Hitachi Content Platform has an open architecture that insulates stored data from technology changes, as well as from changes in HCP itself due to product enhancements. This open architecture ensures that users will have access to the data long after it has been added to the repository. HCP acts as both a repository that can store customer data and an on-line portal that enables access to that data by means of several industry-standard interfaces. The HTTP/HTTPS, WebDAV, NFS, and CIFS protocols support various operations including storing data, creating directories, viewing directories and object data and metadata, modifying certain metadata, and deleting objects. These protocols can be used to access the data via a web browser, the HCP client tools, third-party applications, Windows Explorer, or native Windows or Unix tools. HCP allows special-purpose access to the repository through the SMTP protocol that is only used for storing email. For data backup and restore, HCP supports the NDMP protocol.

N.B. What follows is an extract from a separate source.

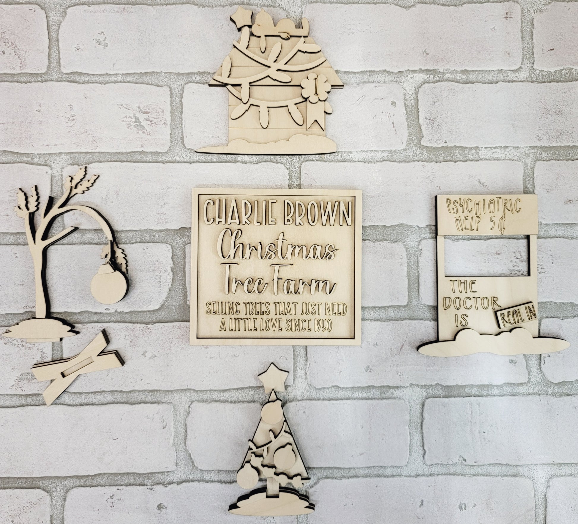 Love Charlie Brown & Snoopy?! This would make the perfect Christmas addition to any room! This is a 5 piece set (wood pieces only- no props or tray) and is made with 1/4" wood. Each piece has different 3D elements. This is offered as a painted set or a blank set (blank set is all wood pieces ONLY) if your feeling crafty or you're wanting to plan a kids night!

Summary of industry standard supported data protocols[edit]

  • HTTP/HTTPS
  • WebDAV
  • NFS
  • CIFS
  • SMTP
  • NDMP
  • SNMP

Multi-tenancy[edit]

Multi-tenancy support allows a single physical HCP instance to be partitioned into multiple namespaces, or logical partitions of the HCP cluster that serve as a collection of objects particular to a defined application. Each namespace has a private object store and set of independently configured attributes with respect to other namespaces. Namespaces provide segregation of data, while tenants – groupings of namespaces – provide segregation of management. Each tenant and its set of namespaces constitute a virtual HCP system that can be accessed and managed independently by users and applications. This HCP feature is essential in enterprise, cloud, and service provider environments.

Hitachi Content Platform has the concept of namespaces that reside within tenants. HCP supports all access protocols (HTTP/HTTPS, WebDAV, NFS, CIFS, SMTP, and NDMP) and data access requests can either be authentication or non-authenticated. HCP's unique Fixed Content File System (FCFS) supports enterprise-class provisioning for multiple applications. FCFS, also called HCP-FS (HCP File System), provides full access to repository objects by extending an application's native file system so it can access an object’s data and metadata.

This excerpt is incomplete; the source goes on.